# Ooops!  Overdose!



## Kei (Mar 1, 2010)

Two kids who are both recovering from hypos, one teething toddler, trying to time dinner while getting two insulin injections done...

It was a recipe for disaster really.

I got J's injection done without mishap, then did F's and was pleased that it had all gone so smoothly, until I went to write it down and realised that I had given her the morning dose (14 units) instead of the evening dose (5 units).  

Phoned the DSN who confirmed what I thought.  Lots of testing and feeding tonight.
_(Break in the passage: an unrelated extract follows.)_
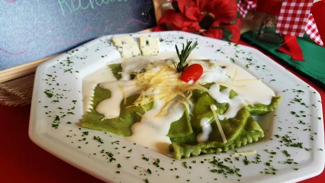 Ravioli de espinafre com frango da Mangiare no Conjunto Graciliano Ramos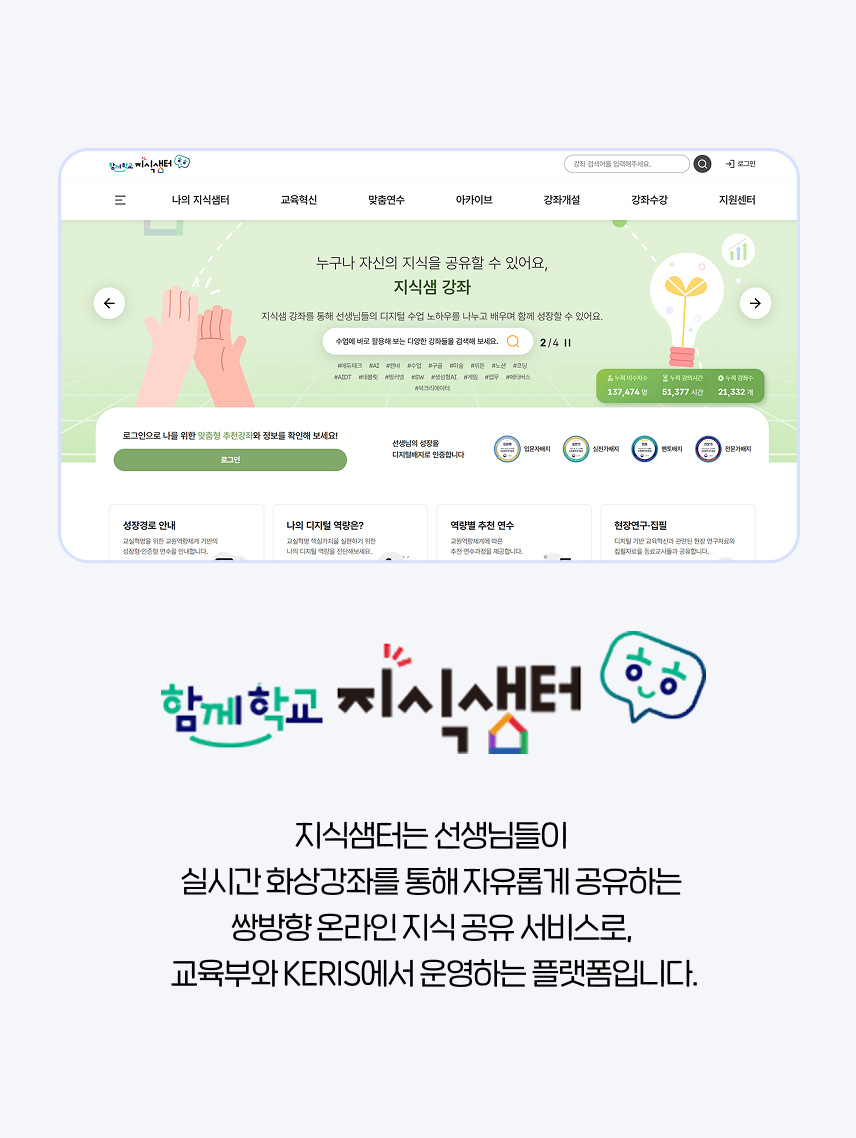 지식샘터는 선생님들이 실시간 화상강좌를 통해 자유롭게 공유하는 쌍방향 온라인 지식 공유 서비스로, 교육부와 KERIS에서 운영하는 플랫폼입니다.

Apparently she's had several parents do the same thing recently, and most of them were right after a hypo and just before dinner.  It seems as if parents' brains turn to jelly when they're trying to multitask!  

Here's to another lovely night of testing and force-feeding!


----------



## bev (Mar 1, 2010)

Your not the first and you wont be the last!
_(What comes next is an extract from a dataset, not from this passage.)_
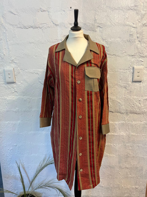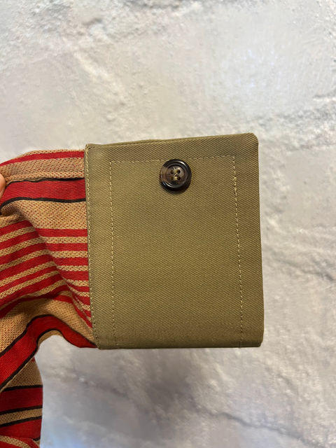 A Safari High-Waist Trouser, inspired by the brand’s aesthetic and the challenging Namibian climate. Designed to accommodate the region’s unpredictable temperatures, the trouser features a functional clip design, allowing it to be worn clipped up on both sides for warmer weather or clipped down when cooler. This piece was designed to be made using the brand’s signature Odelela fabric, which we hand-dyed ourselves—a meticulous process taking up to 36 hours—making each piece unique to the brand and embodying its commitment to authentic, handcrafted quality.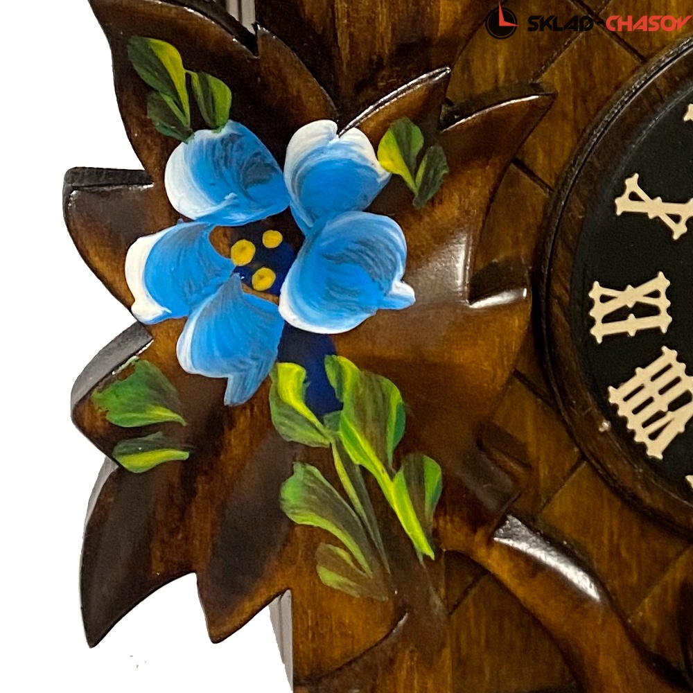 Часы с кукушкой SARS 0522/10-8M (Германия) имеют надежный немецкий механизм и безупречное качество сборки и производства. Фасад часов украшает птица наверху,а по бокам и внизу украшают композиции из цветов.

I once gave Alex novorapid instead of his levemir - resulting in him eating a big plate full of sweeties and drinks! He had just eaten dinner and was too full for anything else.
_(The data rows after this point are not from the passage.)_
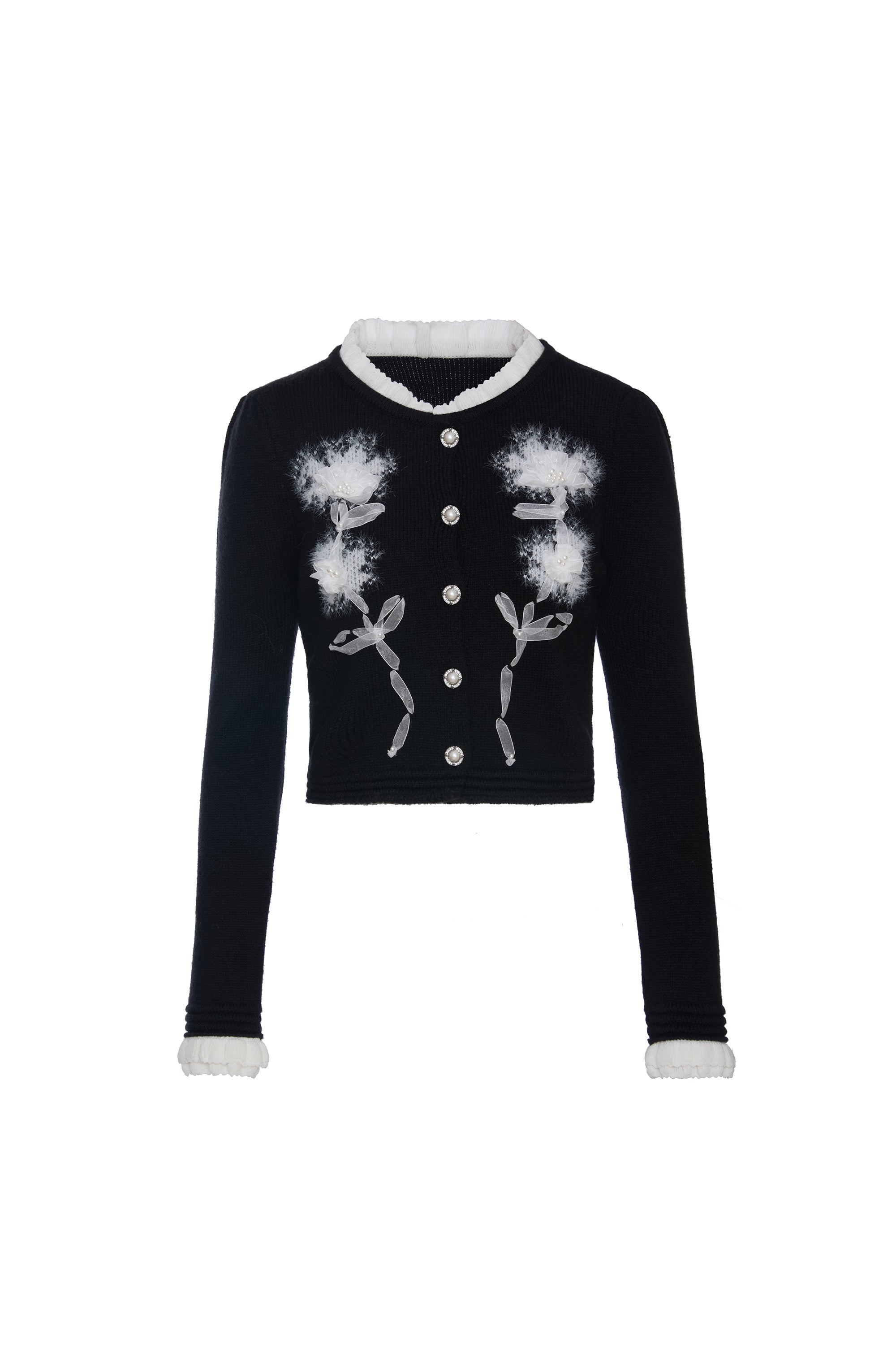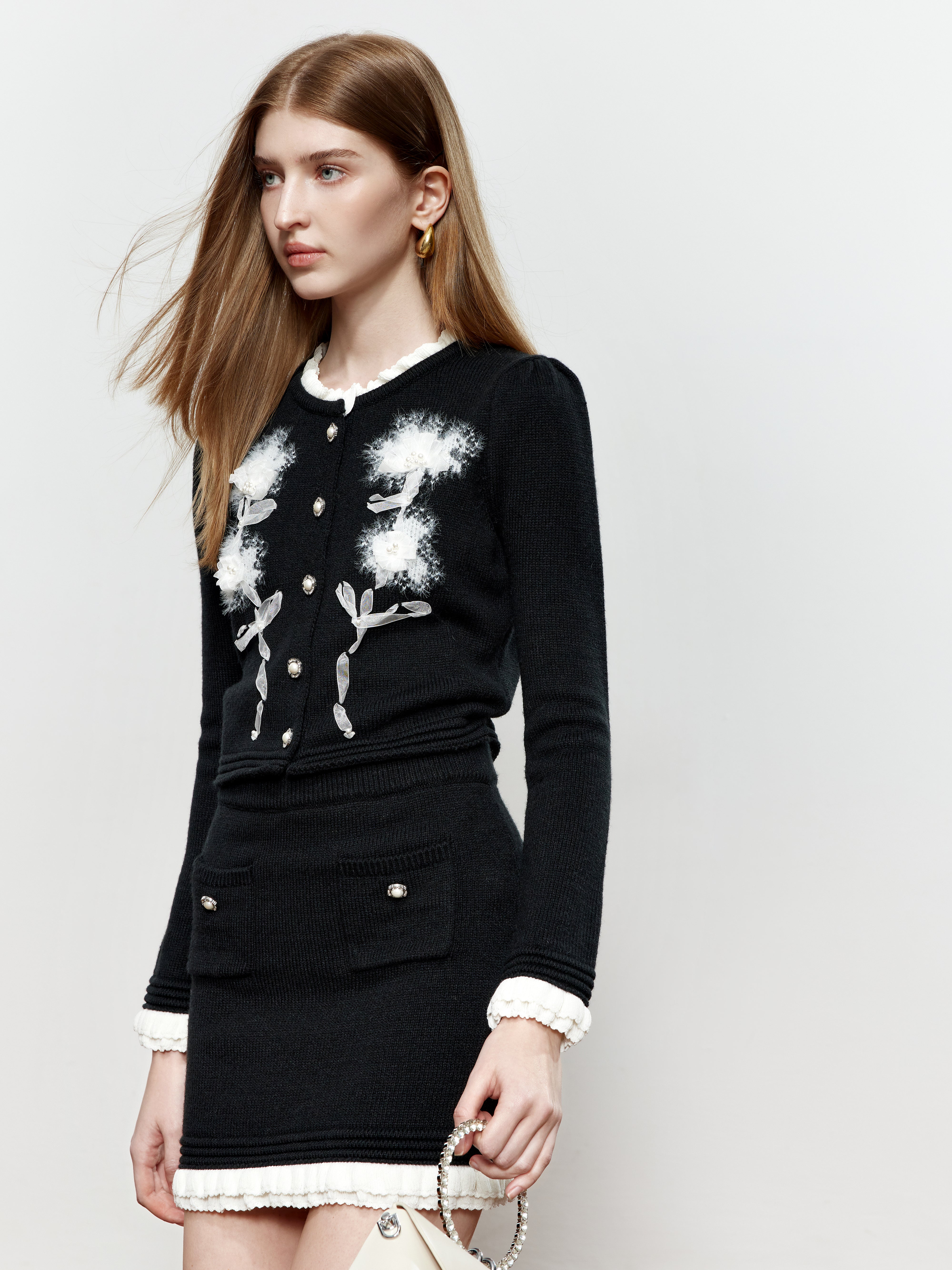 ROCHA ROMA Ribbon Floral Lace Trim Knit Top+Skirt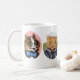 This cute cat mug features four illustrations of cats who have appeared in the vintage art of famous English cat artist Louis Wain (1860 -1939). There's the cat in the blue bow tie, the smiling cat, the knitting crazy cat and the little poorly kitten with a bandage round his head. We thought it would be fun to name the cats - you can easily do this by using the customise button to add your own pet name for each cat. What about Beau for the handsome boy in the blue bow tie, for instance? Give these cats a good home - they don't cost anything to feed! The mug would be the perfect gift for admirers of the wonderful Louis Wain, cat owners and fans of vintage cat art.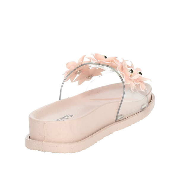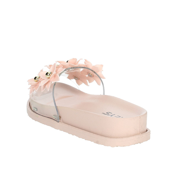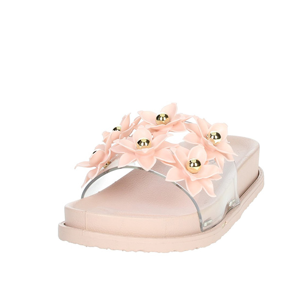 Ciabatta Donna rosa in gomma, con fascia trasparente impreziosita da fiori e perle oro. Comode e pratiche, senza rinunciare al glamour.
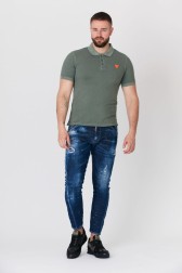 Tricou polo pentru bărbați GUESS Green cu logo portocaliu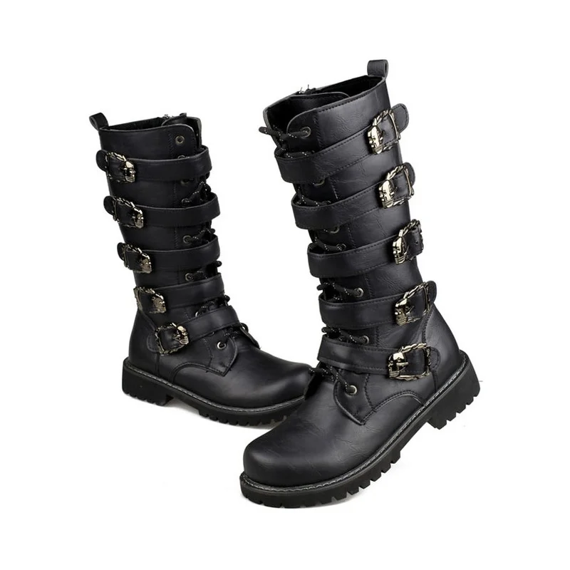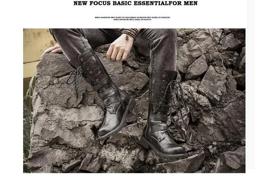 Мужские мотоциклетные ботинки до середины икры, черные кожаные ботинки с высоким берцем в стиле панк-рок, повседневная обувь для верховой езды, зима 2019
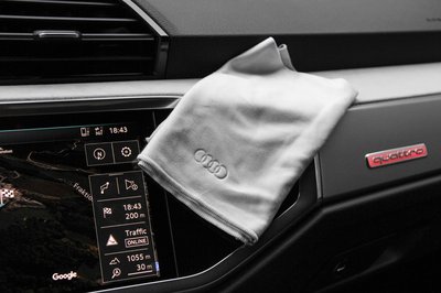 Onnan lehet tudni, hogy mennyire központi téma manapság az autókban az infotainment meg a kijelzők, hogy a display környékét is fényes feketére lakkozzák, hogy egybefüggő felületet kapjanak -és hogy Audi-logóval dombornyomott mikroszálas kendőt találunk a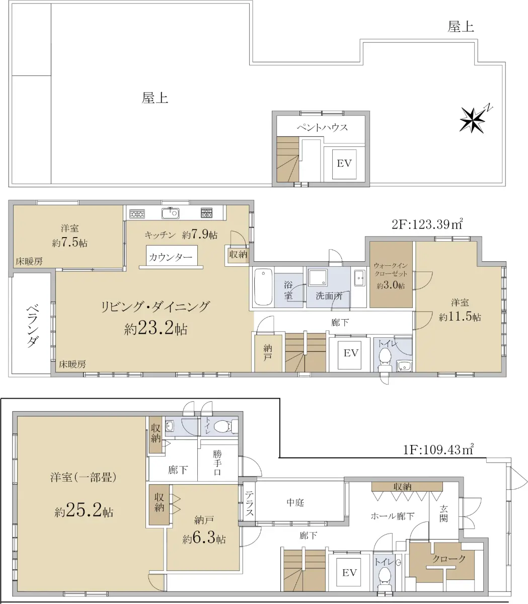 建物面積232.82m2(約70.42坪)・間取り3LDK・2017年05月築

I dont know much about mixed insulins - but can you just give lots of jelly babies etc the same as you can on MDI?

I hope you do get some sleep tonight.Bev


----------



## Kei (Mar 1, 2010)

Thanks Bev!  You do feel daft though!  

I gave her a bigger dinner (she's complaining of being totally full up now!), will need to give her a bigger supper, and then have to check her through the night to see what the slower-acting part of the mix does to her.


----------



## jimmysmum (Mar 1, 2010)

Hiya,
I would imagine its easy done when stressed and tired, how do you judge them tonight? will you just test each hour and top them up food wise? I havent as clue as you know mine are on rapid & Lev.
Have you stocked up on choc!? 
xxx


----------



## Adrienne (Mar 1, 2010)

Good luck tonight, will be a long one.   I've done the same but with NR and Lantus being swapped which is so much easier than mixes.   I hope the long acting part is ok and doesn't cause too many problems.


----------



## Kei (Mar 1, 2010)

DSN suggested checking at 11 and 3.  I'll do it more often than that, as I know how quickly she drops.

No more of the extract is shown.